TEST_CASE("test 2") {
    pool.run([]() {
        CHECK(1 == 1);
    });
}

The worker threads are created in "test 1", and thus could inherit the test state from "test 1". So far so good. But then consider the following problems:

1. The thread pool had a long queue to process, so it only gets around to running the task after "test 1" was finished; there's no running test at that point, so we should be careful not to use dangling state from "test 1" (correct answer here would be to terminate, as is done today).
2. "test 1" finishes and "test 2" starts; the worker threads created by "test 1" are still alive, but the correct test state to use is now that of "test 2". How can we notify the threads of that?
3. Consider further that "test 1" and "test 2" may be run in parallel in the future, so there's no way to predict which of the two tests is going to initialise the worker threads, and if each test is pushing a number of tasks on the pool, the correct test state to use could have to go back and forth between "test 1" and "test 2" for the same worker thread.

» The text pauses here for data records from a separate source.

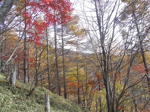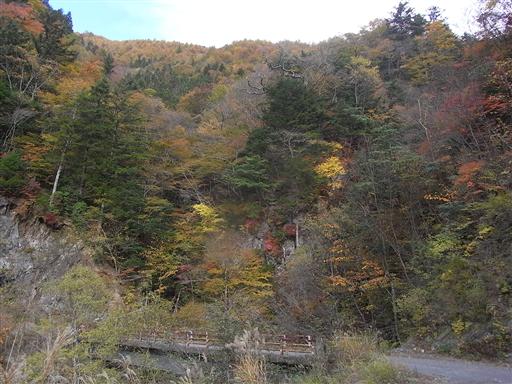 標高を下げていくと、上のほうでは見られなかった美しい紅葉が見られる。
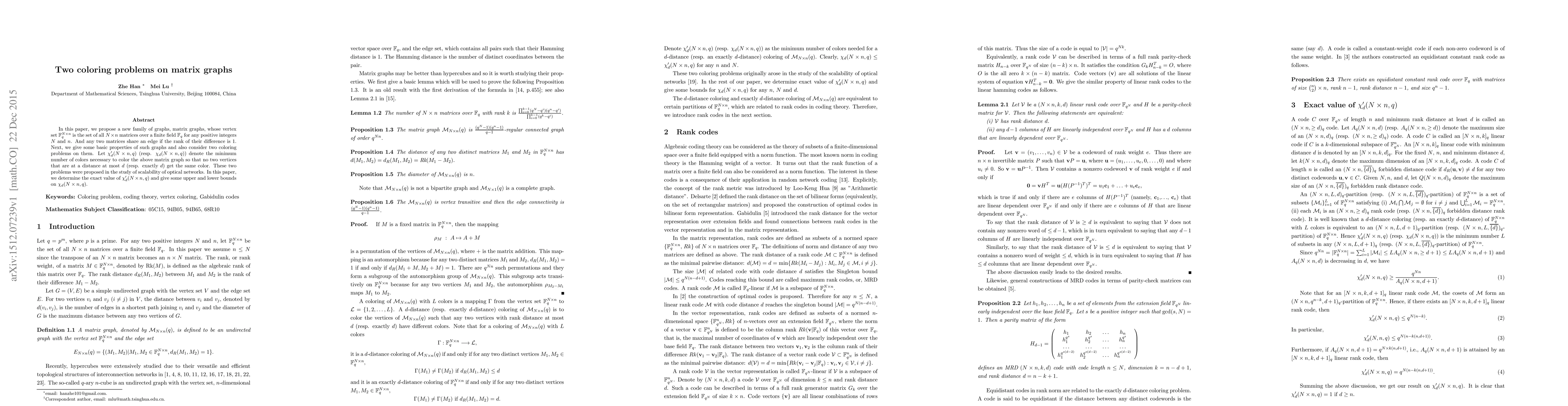 In this paper, we propose a new family of graphs, matrix graphs, whose vertex set $\mathbb{F}^{N\times n}_q$ is the set of all $N\times n$ matrices over a finite field $\mathbb{F}_q$ for any positive integers $N$ and $n$. And any two matrices share an edge if the rank of their difference is $1$. Next, we give some basic properties of such graphs and also consider two coloring problems on them. Let $\chi'_d(N\times n, q)$ (resp. $\chi_d(N\times n, q)$) denote the minimum number of colors necessary to color the above matrix graph so that no two vertices that are at a distance at most $d$ (resp. exactly $d$) get the same color. These two problems were proposed in the study of scalability of optical networks. In this paper, we determine the exact value of $\chi'_d(N\times n,q)$ and give some upper and lower bounds on $\chi_d(N\times n,q)$.
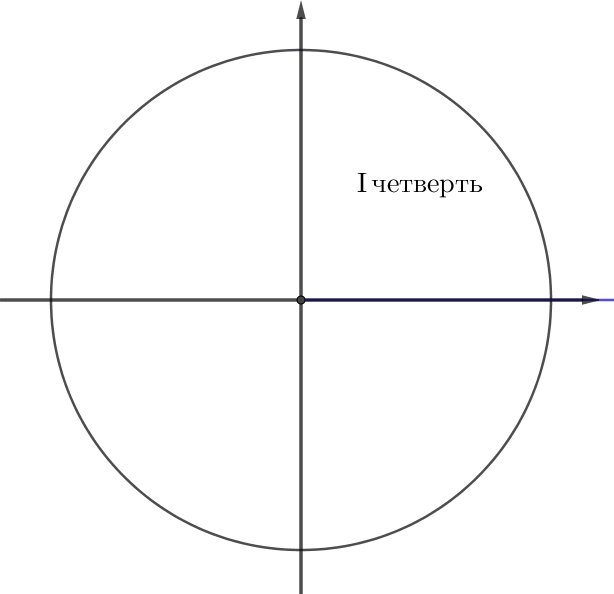 При вращении в положительном направлении луч проходит сначала первую четверть, затем вторую, третью и наконец четвертую четверть.

I need to think about this some more, but currently I don't think there's a way to get this to work automatically (and do the correct, unsurprising thing). My thinking at the moment is that this would require an explicit forwarding of the test state, something like:

TEST_CASE("test 1") {
    auto& test_state = snitch::impl::get_current_test();
    pool.run([&]() {
        snitch::impl::set_current_test(&test_state);
        CHECK(1 == 1);
    });
}

This code compiles today (though it uses the internal snitch API; so don't rely on it). But that doesn't solve problem 1 above (dangling test state pointer).

Maybe I should first read how other test frameworks approach this.

[cschreib]

From what I can piece together:

In Catch2 the equivalent to our get_current_test() is called getResultCapture(), which in turn calls getCurrentContext().getResultCapture(). This current context is a static class member (lazily initialised), hence it is shared by all threads. This assumes there's only one test running at any given time, which is a design decision of Catch2. So, in Catch2, parallel test execution is simply not supported.

Same in doctest; there is a global ContextState (g_cs); parallel test execution is also not supported.

Same for GoogleTest with UnitTest::GetInstance() which returns a function static variable; parallel test execution is also not supported.

In all these testing frameworks the recommended approach is to use sharding (i.e., run a different subset of the tests in separate processes). This solves the problem, though it is not without downsides (more overhead in process launch, inconvenient when running tests by hand on the command line -- probably requires a runner script to wrap the launches and collate the results).

boost-ut has a parallel test runner example. The test runner is configured as a global variable ut::cfg, which is accessed to process all events. Issue is, I don't see how the assertions are linked to the currently running test; it seems they are not. The default reporter is fully sequential, and expects events to be generated in the order test_begin, assertion_fail, test_end; hence it relies on event ordering to identify the test that triggered the assertion. In the parallel test runner examples, the events are processed by the runner and forwarded to the default reporter. This won't work for parallel reporting, unless I'm missing something 🤔 I don't think I am.

[cschreib]

The solution adopted in Catch2/doctest/GoogleTest (global test instance) solves the problem of having to propagate the currently running test to child threads. However, it still has issues with asynchronous checks.

In the examples below*, all of these frameworks will report an assertion in the wrong test (the check inside the thread is reported in the second test case instead of the first), and will segfault if an assertion is reported in a child thread when no test is running (e.g., if commenting out the second test case).

Catch / doctest:

#include "catch2/catch_all.hpp"
#include <thread>

TEST_CASE("testing 1") {
    new std::thread([] {
        std::this_thread::sleep_for(std::chrono::seconds(1));
        CHECK(1 == 2);
    });
}

TEST_CASE("testing 2") {
    std::this_thread::sleep_for(std::chrono::seconds(2));
}

GoogleTest:

#include "gtest/gtest.h"
#include <thread>

TEST(TestSuite, Testing1) {
    new std::thread([] {
        std::this_thread::sleep_for(std::chrono::seconds(1));
        ASSERT_EQ(1, 2);
    });
}

TEST(TestSuite, Testing2) {
    std::this_thread::sleep_for(std::chrono::seconds(2));
}

*: please forgive the obvious memory leak, this is only to make the example concise.

In my opinion, both of these cases should be considered as errors. When no test is running, a segfault is unfortunate but at least signals that something isn't right; terminate with a message would be better. But incorrectly reporting the assertion in the wrong test is quite bad (the test that actually fails is marked as "passed").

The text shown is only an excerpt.